BRIEF DESCRIPTION OF THE DRAWINGS 

[0039] The invention is described in more detail with reference 
to the illustrative embodiments in the drawing, in which: 

Fig. 1 shows a schematic flow chart of a method for selecting 
suitable patients as participants for a clinical study. 

DETAILED DESCRIPTION OF THE EXAMPLE EMBODIMENTS 

[0040] In the present example, a clinical study is to be 
carried out in order to test a new diabetes medicine. Suitable 
patients are sought as participants for the study. These 
patients must satisfy selection criterion 2 including 
subcriteria 3a-c, of which the first two are inclusion criteria 
and the last one is an exclusion criterion: diagnosis of 
diabetes type II and associated ICD code / age between 40 and 
60 / no chronic high blood pressure. The selection of the 
participants in the study is to be done electronically. 

[0041] For this purpose, a database 4 is available containing 
patient data 6a-f which are each assigned to a respective 
patient 8a-f. The patient data 6a-f include unstructured 
medical documents which are digitalized and stored in the 
database 4, for example diagnostic images, textual documents 
(diagnoses, prescriptions, physicians' letters, etc.), measured 
values (laboratory data, electrophysiology data, etc.). In this 
context, the word unstructured means that the patient data 6a-f 
differ from one another in their text structure, choice of 
terms, composition, number of subdocuments , etc, that is to say 
are not uniform. 

[0042] In order to find those of the patients 8a-f who are 
suitable as participants for the clinical study, they are first 
examined directly in respect of the selection criteria 2. In 
Fig. 1, this is shown in the left flow path. As is indicated by 
the path 10, the patient data 6a- f are examined directly for 
the selection criterion 2. On searching the database 4, a 
patient 8c is located via the path 10 because this patient's 



patient data 6c explicitly mention the ICD code for type II 
diabetes in a diagnostic report, the patient's age is given as 
55 years, and a second examination report states that the 
patient 8c does not have chronic high blood pressure. All three 
subcriteria 3a-c are therefore precisely satisfied in patient 
8c. 

[0043] By way of the path 12, therefore, the patient 8c is 
assigned a selection measure 16 of 100% in an assessment step 
14, which shows that the patient 8c satisfies the selection 
criterion 2 by 100%. 

[0044] In an examination step 18, the selection measure of the 
patient 8c is interrogated. Since the measure of 100% permits a 
reliable selection of the patient 8c, the flow is branched via 
the path 20 to the selection step 22, and the patient 8c is 
selected as a study participant. 

[0045] A further patient 8f is located via the path 10 because 
this patient's patient data 6f satisfy the subcriteria 3a and 
b, namely his age is given as 42 years and the diagnosis 
includes type II diabetes. However, the patient 8f certainly 
does not satisfy the exclusion criterion in the form of 
subcriterion 3c since, in a further examination protocol, this 
patient is diagnosed with chronic high blood pressure. By way 
of the path 12, therefore, the patient 8f is assigned the 
selection measure 16 of 0% in the assessment step 14. Thus, the 
patient 8f is certainly unsuitable for the clinical study. 

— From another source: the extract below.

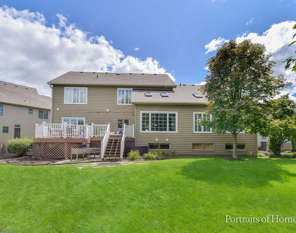 Welcome to 4007 Heron Court, located in the highly desirable Prairie Crossing subdivision in Naperville's coveted School District 204, with Neuqua Valley High School. Tucked away on a quiet cul-de-sac, this stunning home offers nearly 3,300 square feet (not including the finished English basement with 2 additional bedrooms) of living space. Enjoy a traditional layout with a formal living and dining room, a first-floor office, and a convenient first-floor laundry room. As you step inside, you'll be greeted by a dramatic two-story foyer filled with natural light, leading you to a spacious two-story family room with a vaulted ceiling, fireplace, and skylights. The heart of the home, the kitchen, boasts ample cabinetry, stainless steel appliances, granite countertops, and a walk-in pantry. A beautiful sunroom, with its vaulted ceiling and many windows, offers a cozy space to relax. The first floor also features nine-foot ceilings and hardwood floors. Upstairs, you'll find four generously sized bedrooms and three full bathrooms. The home is completed with a finished English basement, which includes a recreational room, two additional bedrooms, and a full bathroom. The expansive, fenced-in backyard is perfect for outdoor entertainment, featuring a large deck and mature landscaping for privacy. Recent updates include Roof and Gutters 2019, Exterior Painted 2020, HVAC 2019, Windows 2016-2017.

[0046] Therefore, the examination step 18 likewise goes via the 
path 20 to the final step 22 in which the patient 8f is 
rejected as a study participant. The selection criteria 2 
cannot be located in the patient data of the other patients 
8a,b,d,e. These patients cannot therefore be assessed in terms 
of the selection criteria via path 10. 



[0047] Therefore, as is indicated by the arrow 30, a secondary 
criterion 32 with several subcriteria 34a-g is assigned to the 
selection criterion 2. 

[0048] For subcriterion 3a, namely type II diabetes or 
associated ICD code, the following direct medical relationships 
are known: Type II diabetes involves a laboratory blood sugar 
value which is greater than 150 mg/dL glucose. This criterion 
forms the subcriterion 34a in the secondary criterion. It is 
also known that, in type II diabetes, a series of medications 
are generally prescribed which, as medication list, form the 
subcriterion 34b. Subcriterion 34c involves the diagnosis of 
"open leg", which is a typical sequela in diabetic patients. 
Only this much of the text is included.